* WHAT THE EXERCISE ASKS *
With pictures left out, set down exactly the lines from the line containing "8月13-14日,第十一届全" through the last line of the data.

(Collected data entries)
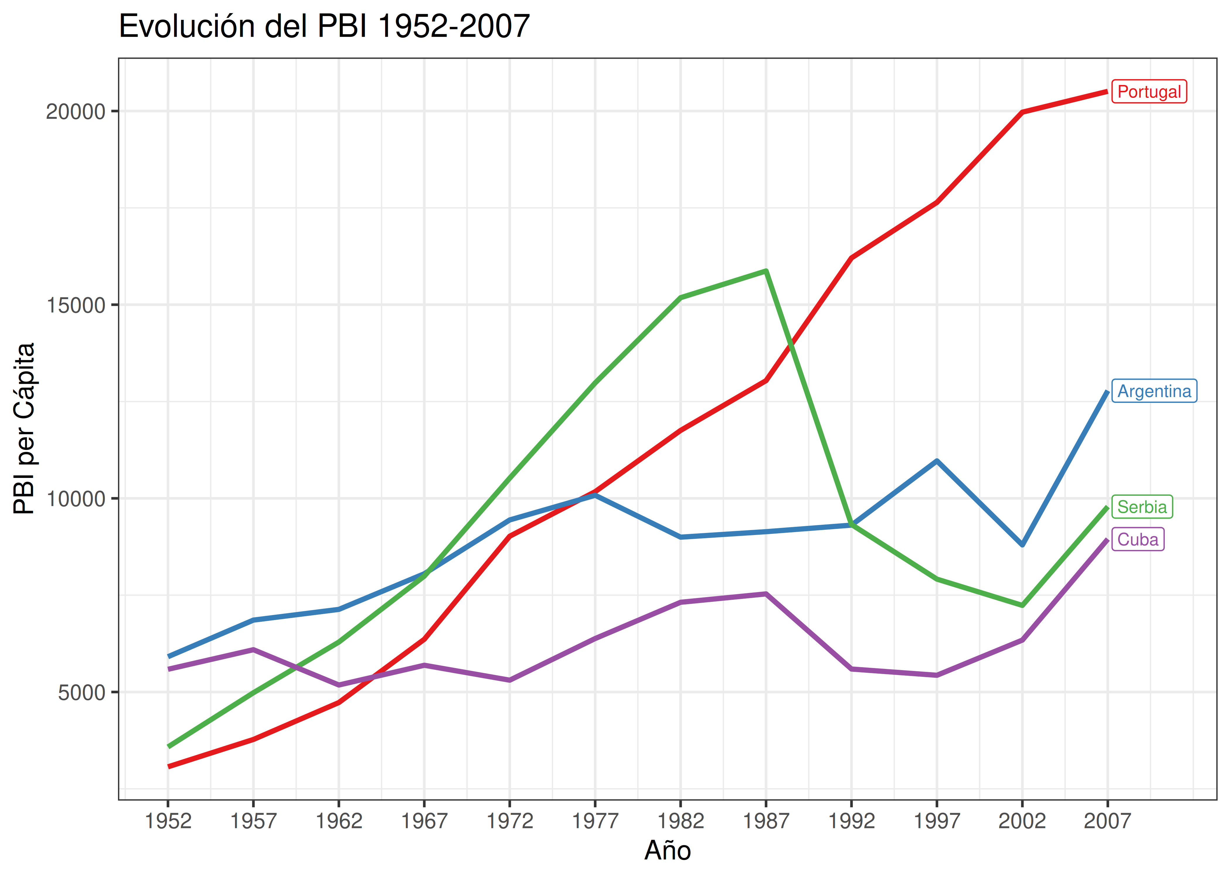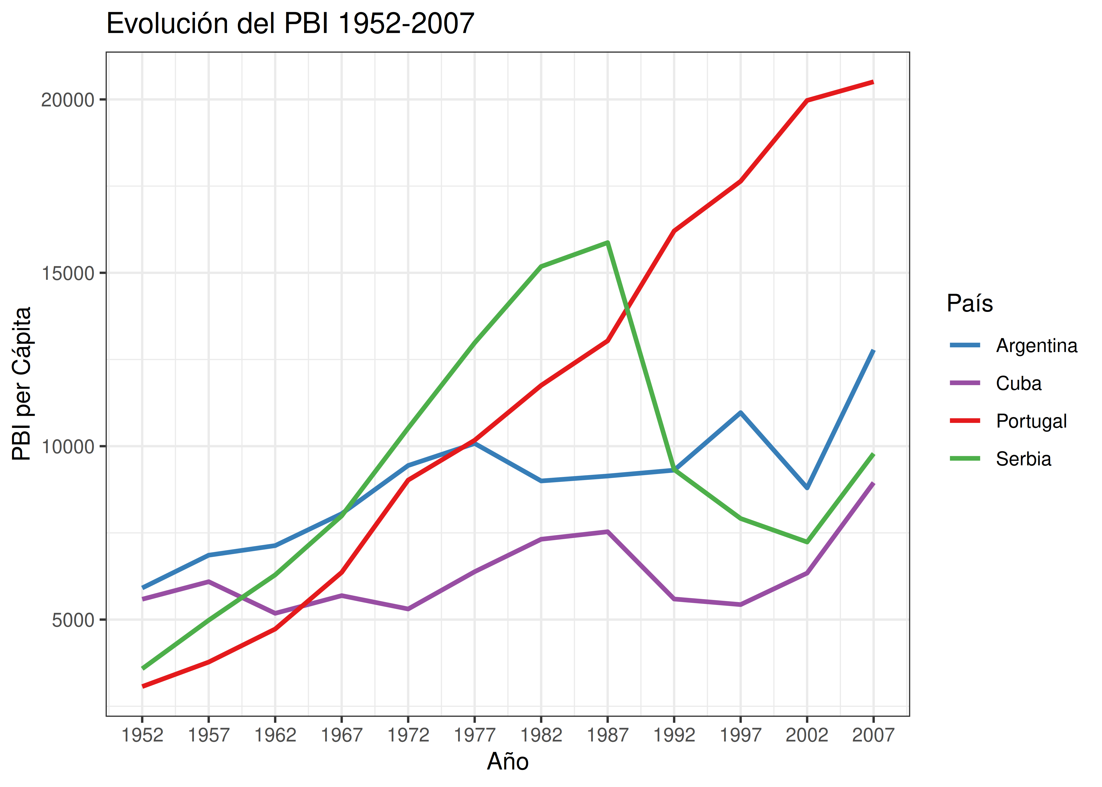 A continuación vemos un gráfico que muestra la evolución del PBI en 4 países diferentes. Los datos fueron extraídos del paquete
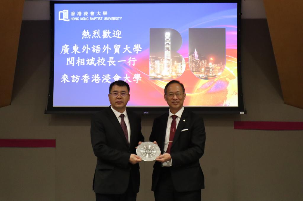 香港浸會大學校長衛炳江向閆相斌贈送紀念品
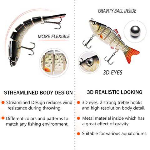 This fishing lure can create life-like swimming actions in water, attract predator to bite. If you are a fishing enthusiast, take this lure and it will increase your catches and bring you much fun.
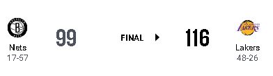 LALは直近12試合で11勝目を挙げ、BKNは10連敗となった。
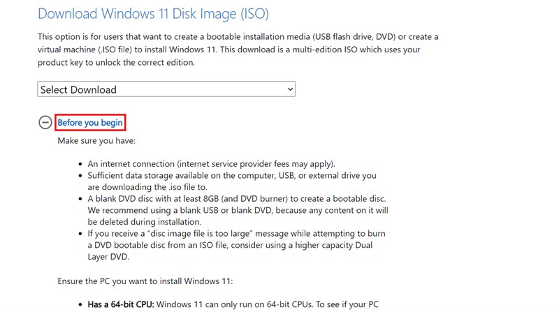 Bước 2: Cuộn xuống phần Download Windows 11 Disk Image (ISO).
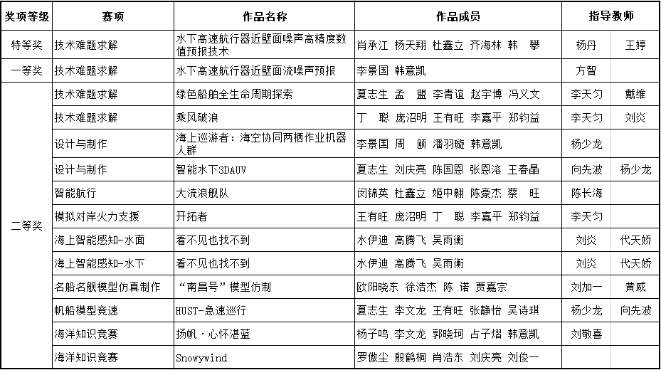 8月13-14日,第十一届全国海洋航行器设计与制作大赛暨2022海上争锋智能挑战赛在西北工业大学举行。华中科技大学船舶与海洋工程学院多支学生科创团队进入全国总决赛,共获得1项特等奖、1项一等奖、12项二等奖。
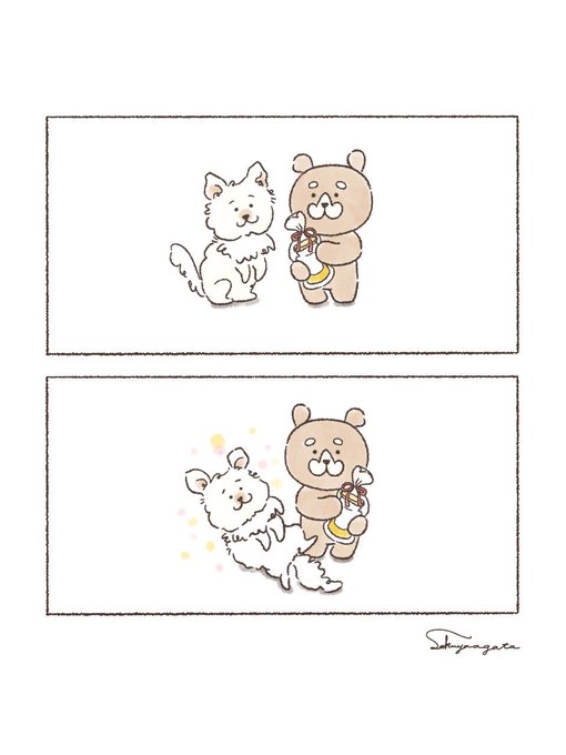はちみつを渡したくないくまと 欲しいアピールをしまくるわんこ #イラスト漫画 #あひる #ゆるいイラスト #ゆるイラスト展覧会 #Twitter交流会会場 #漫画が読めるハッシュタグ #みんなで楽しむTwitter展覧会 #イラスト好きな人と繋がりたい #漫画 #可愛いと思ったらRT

* RESPONSE FOR THIS EXERCISE *
 8月13-14日,第十一届全国海洋航行器设计与制作大赛暨2022海上争锋智能挑战赛在西北工业大学举行。华中科技大学船舶与海洋工程学院多支学生科创团队进入全国总决赛,共获得1项特等奖、1项一等奖、12项二等奖。
はちみつを渡したくないくまと 欲しいアピールをしまくるわんこ #イラスト漫画 #あひる #ゆるいイラスト #ゆるイラスト展覧会 #Twitter交流会会場 #漫画が読めるハッシュタグ #みんなで楽しむTwitter展覧会 #イラスト好きな人と繋がりたい #漫画 #可愛いと思ったらRT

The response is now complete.